Each entry should be given again exactly, with any image left out.

Data excerpts
Segment Open
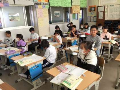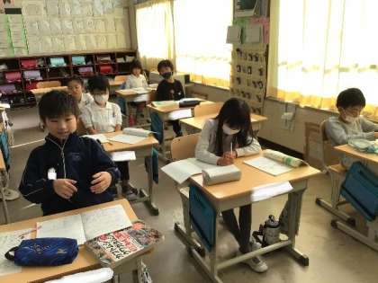 11/22 算数(3年生) 公開日 2023/11/22 更新日 2023/11/22 校長室から 「あまりのあるわり算」 あまりのあるわり算について学習しています。 問題文を読んで、あまりの長さをどう表すか考えていました。
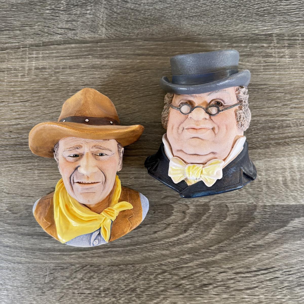 LOT 38L: Vintage Legend Products England Chalkware Bossun Heads - Westerner & Mr. Pickwick
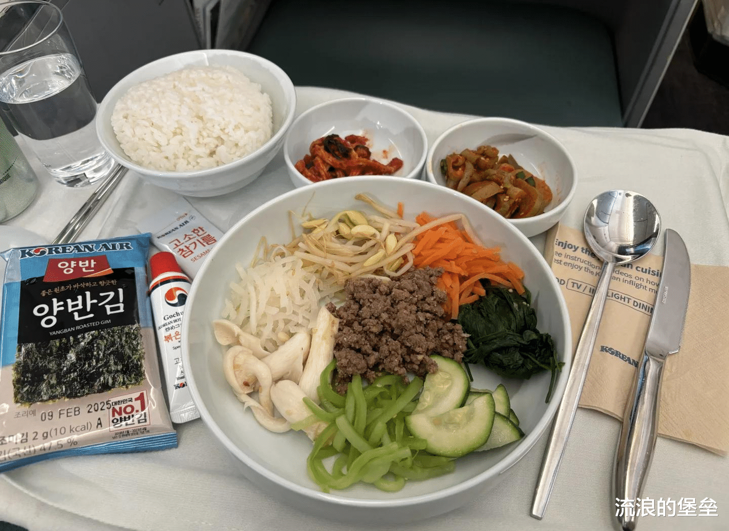 韩国的飞机餐很有当地特色,我们最常见的韩式拌饭在飞机上就能吃到,几种平时吃的蔬菜,豆芽必不可少,用来拌饭吃,准备还了海苔碎的拌饭酱,唯一少了的就是我们认知里的辣白菜!感觉好像缺了点什么!
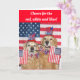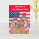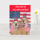 Ce quatrième de carte de juillet comporte les chiens d'arrêt d'or habillés dans les bandeaux patriotiques et des colliers tenant de grands drapeaux américains dans leurs bouches. Le texte lit, des "acclamations pour le rouge, blanc et bleu !" et "voici à un 4ème glorieux !".
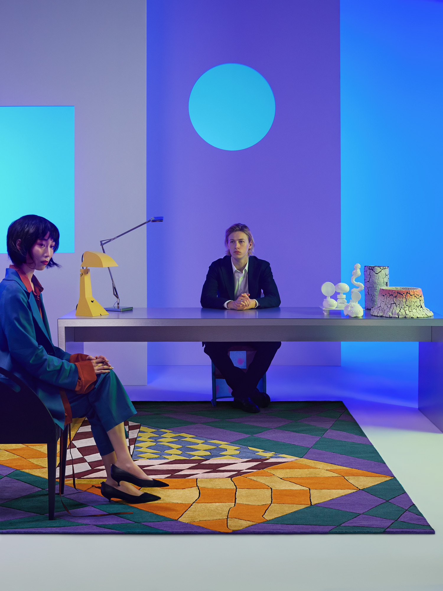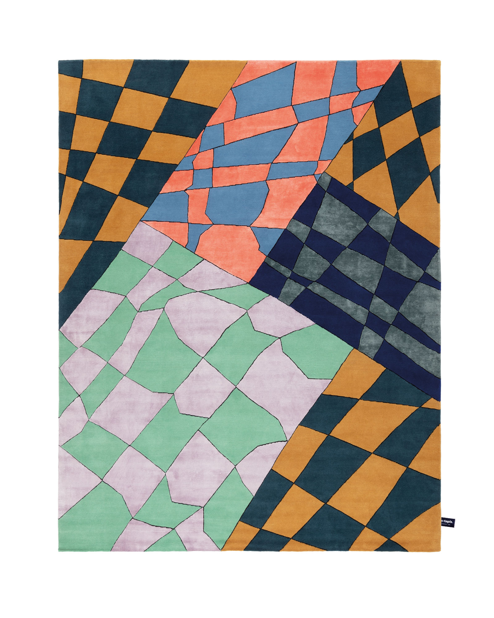 Multiple planes of brilliant chequerboards clash and crackle in Martino Gamper’s Xequer collection for cc-tapis. The bright, piercing colors intertwine and overlap in a psychedelic world born from Gamper’s imagination. Hand knotted with Himalayan wool, pure silk and linen, the materials interplay in the same way as the colour-blocked grids, resulting in a brilliant collision of textures and shades. Twisted lines, distorted perspectives and the graphics play typical of Gamper’s designs culminate in five spellbinding new rugs.
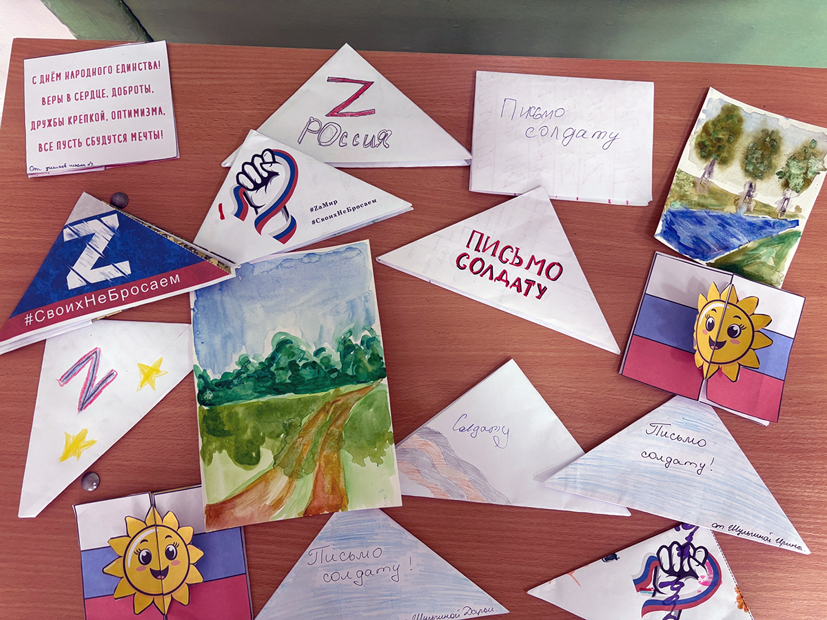 Письма, открытки для героев от мальчишек и девчонок пришкольного лагеря были изготовлены в рамках акции «Едины - непобедимы». Послания были переданы волонтерам для дальнейшей передачи бойцам СВО.
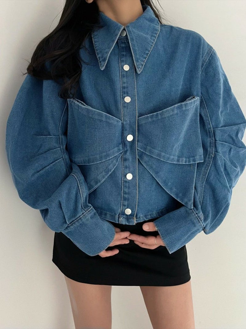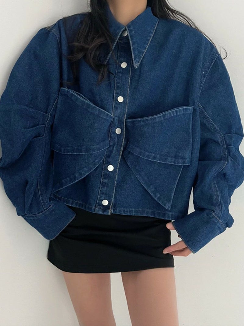 フロントのリボンデザインがフェミニンなデニムジャケット
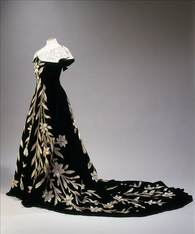 Le parcours imaginé par le Palais Galliera, en collaboration avec le Petit Palais, est une traversée sensorielle et intellectuelle du XIXe siècle flamboyant. Plus de 80 créations somptueusement restaurées sont présentées : robes à tournure, capes brodées, manteaux de cour, pièces de bal. Autant de pièces uniques issues des collections du Palais Galliera, du Musée des Arts Décoratifs, du Victoria & Albert Museum, ou encore de la collection privée de la famille Worth.
Segment Closed
SOLUTION FOR THIS EXERCISE ->
 11/22 算数(3年生) 公開日 2023/11/22 更新日 2023/11/22 校長室から 「あまりのあるわり算」 あまりのあるわり算について学習しています。 問題文を読んで、あまりの長さをどう表すか考えていました。
 LOT 38L: Vintage Legend Products England Chalkware Bossun Heads - Westerner & Mr. Pickwick
 韩国的飞机餐很有当地特色,我们最常见的韩式拌饭在飞机上就能吃到,几种平时吃的蔬菜,豆芽必不可少,用来拌饭吃,准备还了海苔碎的拌饭酱,唯一少了的就是我们认知里的辣白菜!感觉好像缺了点什么!
 Ce quatrième de carte de juillet comporte les chiens d'arrêt d'or habillés dans les bandeaux patriotiques et des colliers tenant de grands drapeaux américains dans leurs bouches. Le texte lit, des "acclamations pour le rouge, blanc et bleu !" et "voici à un 4ème glorieux !".
 Multiple planes of brilliant chequerboards clash and crackle in Martino Gamper’s Xequer collection for cc-tapis. The bright, piercing colors intertwine and overlap in a psychedelic world born from Gamper’s imagination. Hand knotted with Himalayan wool, pure silk and linen, the materials interplay in the same way as the colour-blocked grids, resulting in a brilliant collision of textures and shades. Twisted lines, distorted perspectives and the graphics play typical of Gamper’s designs culminate in five spellbinding new rugs.
 Письма, открытки для героев от мальчишек и девчонок пришкольного лагеря были изготовлены в рамках акции «Едины - непобедимы». Послания были переданы волонтерам для дальнейшей передачи бойцам СВО.
 フロントのリボンデザインがフェミニンなデニムジャケット
 Le parcours imaginé par le Palais Galliera, en collaboration avec le Petit Palais, est une traversée sensorielle et intellectuelle du XIXe siècle flamboyant. Plus de 80 créations somptueusement restaurées sont présentées : robes à tournure, capes brodées, manteaux de cour, pièces de bal. Autant de pièces uniques issues des collections du Palais Galliera, du Musée des Arts Décoratifs, du Victoria & Albert Museum, ou encore de la collection privée de la famille Worth.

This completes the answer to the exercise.